### Exercise goal
For the records below, copy exactly the span that begins at the line containing "Descubre el encantador" and stops after the line containing "Det högtrycksbetonade vädret", minus any pictures.

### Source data
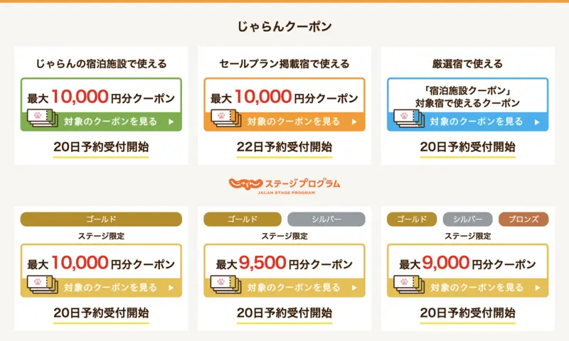 通常の宿泊予約に使える最大10,000円分クーポンに加え、セールプラン掲載宿専用(22日予約開始)や、厳選宿向けの「宿泊施設クーポン」も用意。さらに、ゴールド・シルバー・ブロンズなどステージ別に最大10,000円分のステージ限定クーポンも登場しています。これらのクーポンは併用可能で、最大20%お得になります!
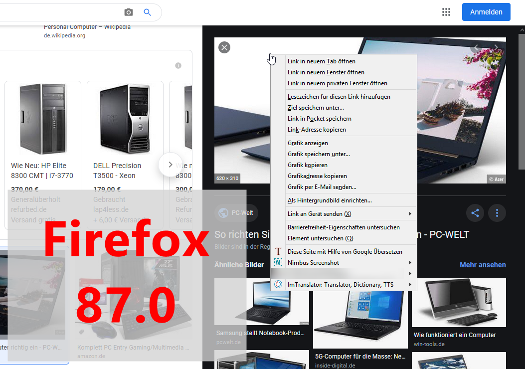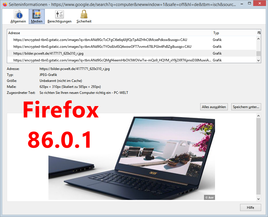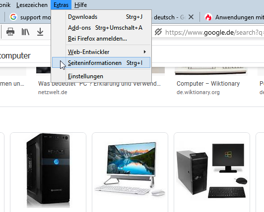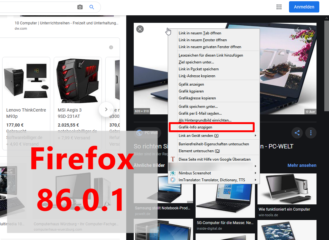 Soweit so gut.... bis Firefox 86.0.1 konnte ich noch mit einem Rechtsklick auf das vergrößerte Bild im rechten Bereich den Eintrag "Grafik-Info anzeigen" auswählen und es öffnete sich ein separates Fenster mit nützlichen Infos (Seiteninformationen). Man kann zwar über das Menü "Extras" auch den Punkt "Seiteninformationen" anklicken, aber dann bekommt man nur die Infos von den kompletten Suchergebnissen und nicht von diesem einzelnen Bild. Seit der Firefox-Version 87.0 ist der Eintrag "Grafik-Info anzeigen" im Kontextmenü nicht mehr vorhanden.
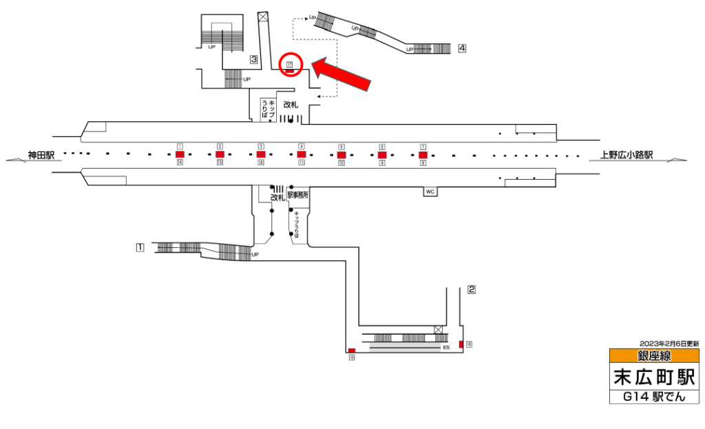 東京メトロ末広町駅は一日の乗降客数が20,916人、銀座線が発着する駅です。
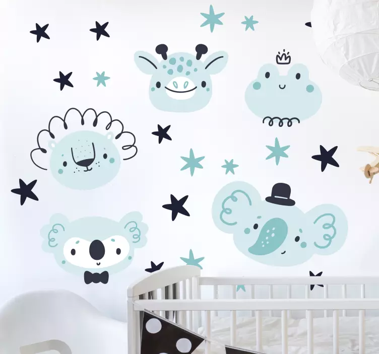 Descubre el encantador vinilo mascota caras de animales adorables, una pieza decorativa que combina un diseño nórdico y lindo con dibujo animado de adorables animales en tonos azules. Este vinilo, ideal para habitaciones de niños, añade un toque juguetón y vistoso a cualquier espacio, complementado con motivos de estrellas que invitan a soñar. ¡Es perfecto para transformar la decoración de tu hogar en un lugar mágico y divertido!
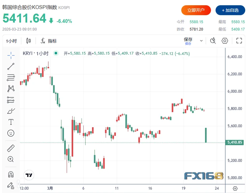 截至撰稿,Kospi指数报5411.64点,较前一交易日下跌超374点,跌幅达6.40%。该指数开盘即报5580.15点,较前一交易日低开201.05点,跌幅为3.48%,显示市场一开盘便笼罩在浓厚的避险情绪之中。
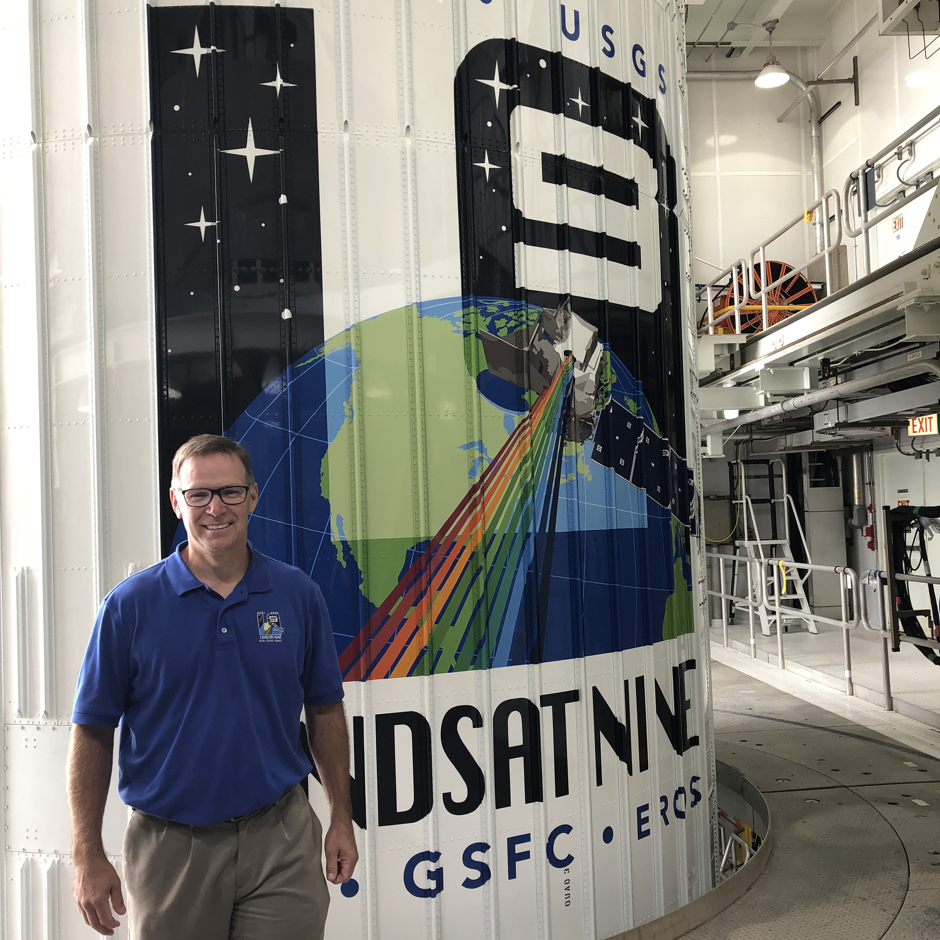 Brian Sauer with the Landsat 9 display in the background. Brian Sauer is the Landsat Development Manager and Supervisory Computer Scientist, at the Earth Resources Observation and Science (EROS) center.
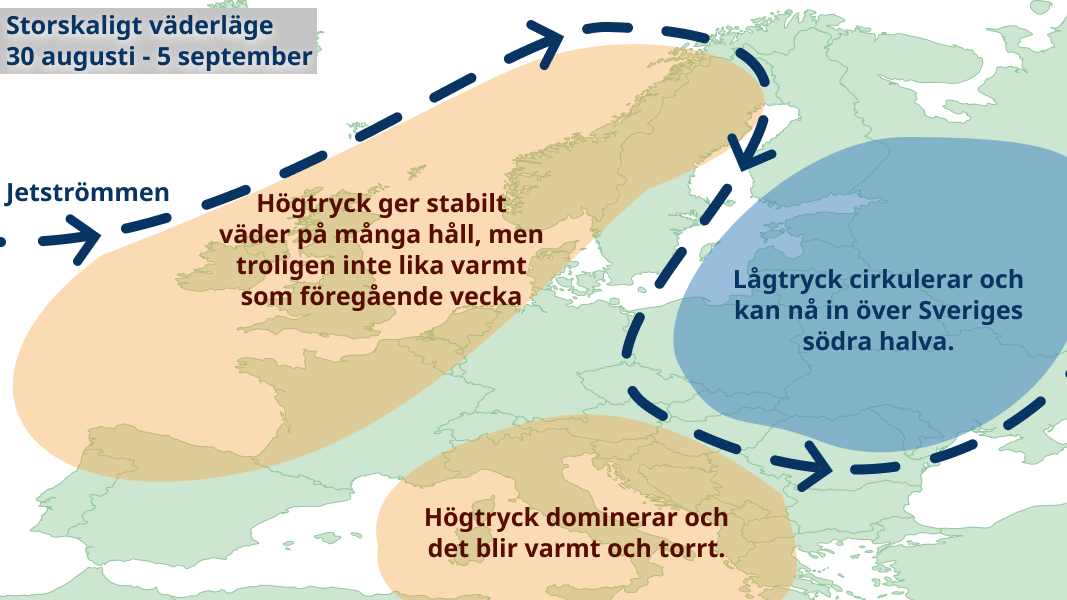 Det högtrycksbetonade vädret ser ut att fortsätta när vi går in i september, men det blir något svalare än föregående vecka. Högtrycket väntas framförallt bidra till att det blir torrt i Norrland, Dalarna, Värmland och på västkusten. I Östersjölandskapen kan däremot lågtryck nå in från Baltikum vilket ger skurar, moln och ett par svala dagar. Allmänt väntas temperaturen ligga på 15-20 grader i norr och omkring 20 grader i söder.
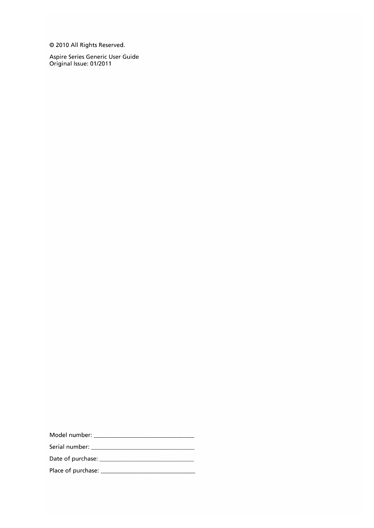 Bahasa Indonesia ä·Â ContentsAspire Series Generic User GuideChanges may be made periodically to the information in this publication without obligation to notify any person of such revisions or changes. Such changes will be incorporated in new editions of this manual or supplementary documents and publications. This company makes no representations or warranties, either expressed or implied, with respect to the contents hereof and specifically disclaims the implied warranties of merchantability or fitness for a particular purpose. Record the model number, serial number, purchase date and place of purchase information in the space provided below. The serial number and model number are recorded on the label affixed to your computer. All correspondence concerning your unit should include the serial number, model number and purchase information. No part of this publication may be reproduced, stored in a retrieval system, or transmitted, in any form or by any means, electronically, mechanically, by photocopy, recording or otherwise, without the prior written permission of Acer Incorporated. Model number: __________________________________ Serial number: ___________________________________ Date of purchase: ________________________________ Place of purchase: ________________________________ © 2010 All Rights Reserved. Aspire Series Generic User Guide Original Issue: 01/2011iii English Information for your safety and comfort Safety instructions Read these instructions carefully. Keep this document for future reference. Follow all warnings and instructions marked on the product. Turning the product off before cleaning Unplug this product from the wall outlet before cleaning. Do not use liquid cleaners or aerosol cleaners. Use a damp cloth for cleaning. CAUTION for plug as disconnecting device Observe the following guidelines when connecting and disconnecting power to the power supply unit: Install the power supply unit before connecting the power cord to the AC power outlet. Unplug the power cord before removing the power supply unit from the computer. If the system has multiple sources of power, disconnect power from the system by unplugging all power cords from the power supplies. CAUTION for Accessibility Be sure that the power outlet you plug the power cord into is easily accessible and located as close to the equipment operator as possible. When you need to disconnect power to the equipment, be sure to unplug the power cord from the electrical outlet. CAUTION for bundled dummy cards (only for certain models) Your computer shipped with plastic dummies installed in the card slots. Dummies protect unused slots from dust, metal objects or other particles. Save the dummies for use when no cards are in the slots. CAUTION for Listening To protect your hearing, follow these instructions.
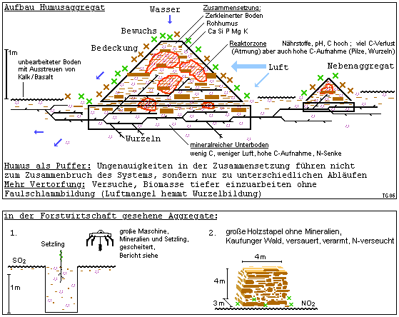 Erläuterungen zu Zeichnung Fläche 1 und Mitarbeit von Forstamt und Universität: Bisherige Diskussion: Ich meinte öfters "da wächst nichts mehr" (siehe oben Wüstenvergleich), ein Förster meinte "das sieht ja eher nach gartenbaulichen Maßnahmen aus" (s.u.), ein Forstdirektor meinte "das dürfen wir nicht" (daher habe ich ein paar Jahre länger ausgeholt und dann Hessen-Forst angeschrieben), ein Jagdpächter meinte "sobald Wurzeln beschädigt werden, stirbt der ältere Baum am Pilz" (dies habe ich widerlegt, beschädigte Wurzeln in guter Humuserde erholen sich schnell und erobern mit enormer Geschwindigkeit das ganze Aggregat), und ein Bodenkundedirektor meinte, ich müsste erstmal 10Jahre Bodenkunde studieren. Bodenverbesserungen im Wald beschränken sich auf Forstarbeit (Mischwald und Kalk/Basalt-Schotter auf Wegen), flächendeckende Kalkungen (aber nur bis pH 3,8 , Link bei Hessen-Forst.de) und manchmal findet man einen leeren Sack KP. Ich versuche punktuelle Bodenverbesserungen mit Erdkomposten. Dabei werden soviele Mineralien gegeben wie ohne Nährstoffverlust vertragen wird (Boden-neuaufbau, Wurzeln, Humus, Puffer, Seiteneffekte). Diese "gartenbauähnlichen" Maßnahmen mit Erfahrung und individuellen Aggregaten sollen natürlich mit maschineller Unterstützung ausgeweitet werden. Ein Negativbeispiel sind die 4-oder 6Beiner, die vor Jahren im Osten gescheitert sind (auf SO2-toten Hügeln Mineralien 1m in Boden gemischt von Großmaschine, dann Setzling rein). Dabei wurden überhaupt nicht die Faktoren beachtet: Luft, Wasser, Nährstoffe. Entweder der pH-Wert wird erhöht, dann werden zuviele Nährstoffe frei für die Bodensituation, oder es wird zu wenig gegeben, der pH-Wert bleibt zu niedrig. Auf eine solche Bodenkunde verzichte ich. Stattdessen führe ich ein Aggregat vor, dass nicht unter Luftmangel oder Wasser-, Nährstoff- und Protonen-Überschuss leidet. Bei meiner Bearbeitung stehen im Vordergrund die Anlage von Erdkomposten für die Wurzeln, maschinelle Teildurchführung, wissenschaftliche Begleituntersuchungen zu Nährstoffverlusten, volkswirtschaftlicher Nutzen, und nicht so sehr die gesamten chemischen Feinheiten. Wenn die Wurzeln ökologisch wachsen und nachgewiesenermaßen nichts verlorengeht, ist es gut genug. Entsprechend einem Begründer der Bodenkunde, Prof.Sekera `43: "Der Land- oder Forstwirt soll der Hausarzt seines Bodens sein", und nicht der Pathologe. 2 Mineralienfeld und Kontrollfläche. 3 Feuchtgebiet 4 Bearbeitung älterer Fichtenreihen mit Seilwindenpflug. Dies ist ein erster Mechanisierungsversuch, mit mitteltiefem Pflug (starke Verankerung und hohe Leistung), Hilfseinrichtungen wie Wendeblech, Mineralienbehälter, Vorkrümler, und mit reichlich Handarbeit. Die Geschwindigkeit ist enorm niedrig, aber besser als reine Handarbeit. Breite ca. 1m, Wurzeln freilegen und unter Erdkompost plazieren. 5 Hektar mit durchschnittlicher Bearbeitung wie Steinpilzzuchtgebiet (Humusbearbeitungen und Pflege von Wildwechseln). Die 10ha für die tatsächlichen Steinpilzzuchtversuche (d.h. Förderung von Mycelien und Aussetzung) liegen etwas entfernt (= Fläche 2, direkt an Straße). Austausch mit interessierten Instituten (Keine vergleichbaren Erfahrungen vorhanden, man studiert dort z.B. die Stoffwechselvorgänge, neuester Bericht: die Bäume lösen die Fruchtung aus durch Hormone oder so; man ist weit von der Zucht entfernt, begrüßt aber wenn ich Einnahmen für den Wald erziele). 6 älterer Buchenbestand mit Kalk/Basalt, Seilpflug und vielen kleinen Bearbeitungen. Untersuchungen wie oben (Boden, Wasser, Ökologie), Uni KS C-Gehalt: Ein Ziel der Bearbeitung ist die Erhöhung des C-Gehaltes. Biomasse (Rohhumus): Anfangen mit 3facher Jahresproduktion von 10facher Fläche (ca. 30 kg TS/m², in Umgebung gegen Mineralien tauschen), Importbiomasse muss sauber sein. Recherche zu Erfahrungen mit großen Holzaggregaten ohne Mineralien in Kaufunger Wald (teils über 10t Stapel aus Ästen und Stammresten), kombinieren mit Mineralien. Wildschutz: Beratung und Aufsicht durch Hr.Burkert vom Reg.präs., in Absprache mit Förstern. Anlagen: |

### Exercise output
 Descubre el encantador vinilo mascota caras de animales adorables, una pieza decorativa que combina un diseño nórdico y lindo con dibujo animado de adorables animales en tonos azules. Este vinilo, ideal para habitaciones de niños, añade un toque juguetón y vistoso a cualquier espacio, complementado con motivos de estrellas que invitan a soñar. ¡Es perfecto para transformar la decoración de tu hogar en un lugar mágico y divertido!
 截至撰稿,Kospi指数报5411.64点,较前一交易日下跌超374点,跌幅达6.40%。该指数开盘即报5580.15点,较前一交易日低开201.05点,跌幅为3.48%,显示市场一开盘便笼罩在浓厚的避险情绪之中。
 Brian Sauer with the Landsat 9 display in the background. Brian Sauer is the Landsat Development Manager and Supervisory Computer Scientist, at the Earth Resources Observation and Science (EROS) center.
 Det högtrycksbetonade vädret ser ut att fortsätta när vi går in i september, men det blir något svalare än föregående vecka. Högtrycket väntas framförallt bidra till att det blir torrt i Norrland, Dalarna, Värmland och på västkusten. I Östersjölandskapen kan däremot lågtryck nå in från Baltikum vilket ger skurar, moln och ett par svala dagar. Allmänt väntas temperaturen ligga på 15-20 grader i norr och omkring 20 grader i söder.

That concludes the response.